--- START ---

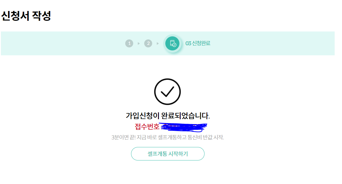 여기까지 하고 셀프개통 신청 버튼을 눌러주면
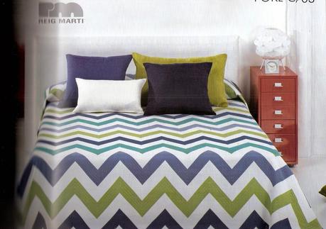 Ya desde los motivos gráficos notamos la diferencia - este año son espirales, rayas o lunares desiguales - pero es en el color donde la tendencia cambia completamente. Combinaciones varias, con tonos más vivos y brillantes, como el naranja, el turquesa o el verde oliva, mezclados con algún azul marino - inevitable en verano -, y con algún morado - éste simplemente inevitable cuando hablamos de colchas, temporada tras temporada -, y todo ello sobre fondos claros, como manda la estación.
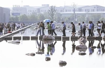 7月28日,前来祭奠的人流依次走过广场里的纪念水池。
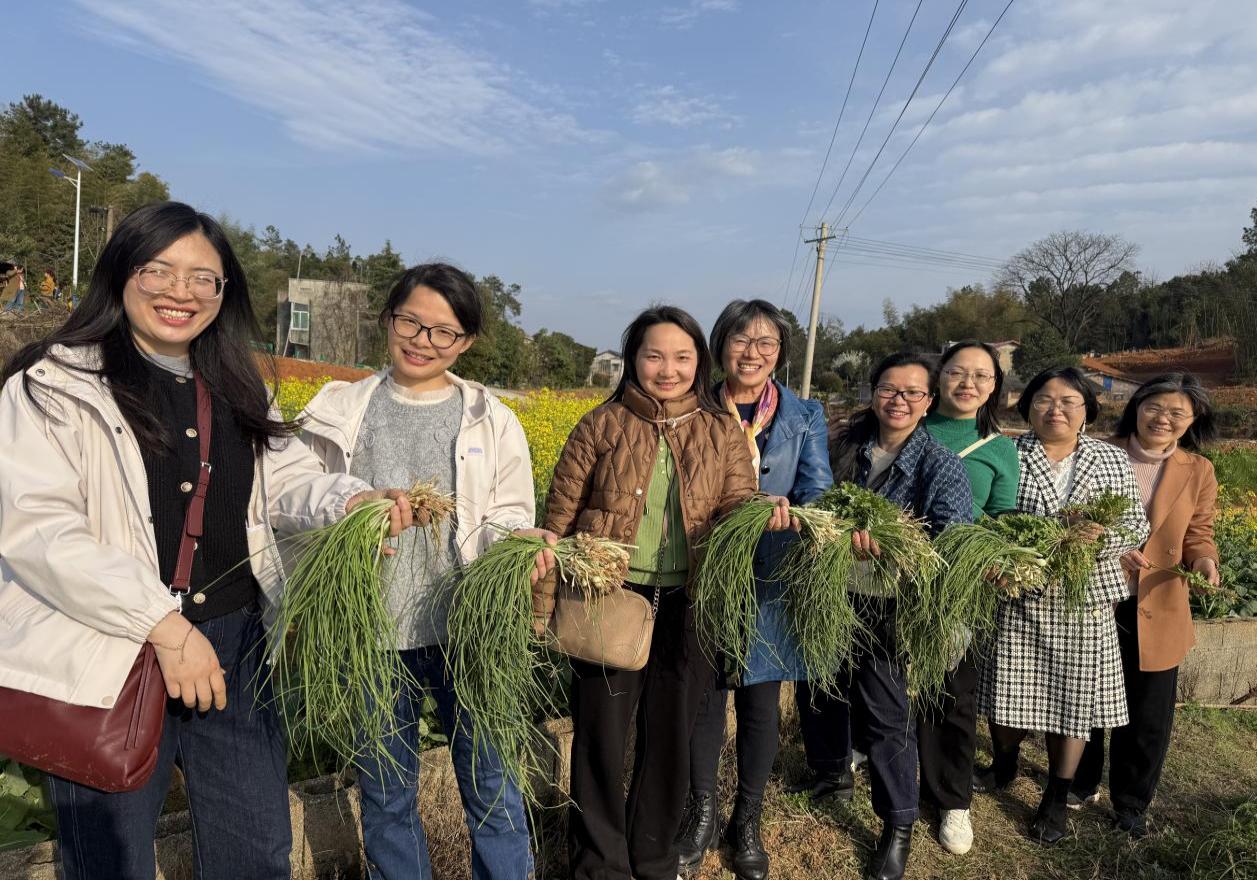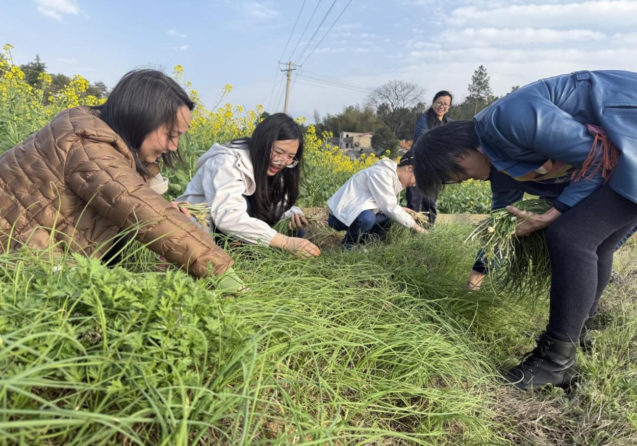 参观结束后,活动转入乡间田野。女老师们开展“春日寻鲜”农耕体验。荠菜的锯齿叶、野葱的细长茎成为辨识焦点,大家俯身协作,时而为发现一丛鲜嫩野葱欢呼,时而因误认杂草引发笑语。院党委副书记范军豪表示:“拔野菜不仅是劳动教育,更让团队在协作中增进默契,这正是‘凝聚奋进力量’的生动实践。”
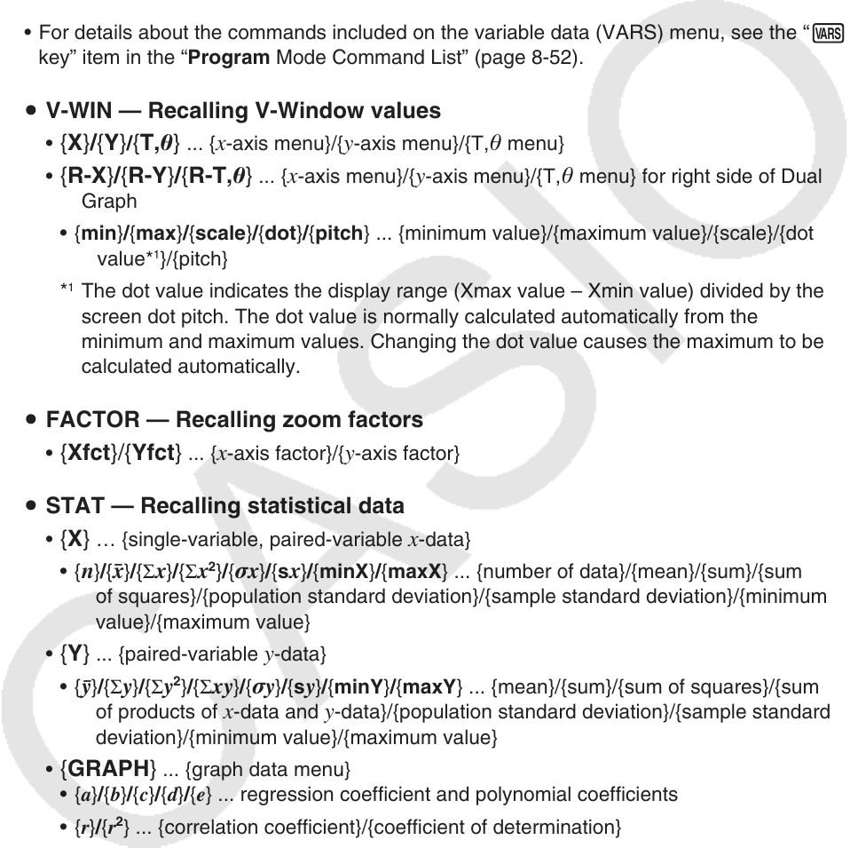 • For details about the commands included on the variable data (VARS) menu, see the “J

--- END ---

◆ Exercise objective
With the pictures set aside, repeat every entry above exactly.

◆ Solved exercise
 여기까지 하고 셀프개통 신청 버튼을 눌러주면
 Ya desde los motivos gráficos notamos la diferencia - este año son espirales, rayas o lunares desiguales - pero es en el color donde la tendencia cambia completamente. Combinaciones varias, con tonos más vivos y brillantes, como el naranja, el turquesa o el verde oliva, mezclados con algún azul marino - inevitable en verano -, y con algún morado - éste simplemente inevitable cuando hablamos de colchas, temporada tras temporada -, y todo ello sobre fondos claros, como manda la estación.
 7月28日,前来祭奠的人流依次走过广场里的纪念水池。
 参观结束后,活动转入乡间田野。女老师们开展“春日寻鲜”农耕体验。荠菜的锯齿叶、野葱的细长茎成为辨识焦点,大家俯身协作,时而为发现一丛鲜嫩野葱欢呼,时而因误认杂草引发笑语。院党委副书记范军豪表示:“拔野菜不仅是劳动教育,更让团队在协作中增进默契,这正是‘凝聚奋进力量’的生动实践。”
 • For details about the commands included on the variable data (VARS) menu, see the “J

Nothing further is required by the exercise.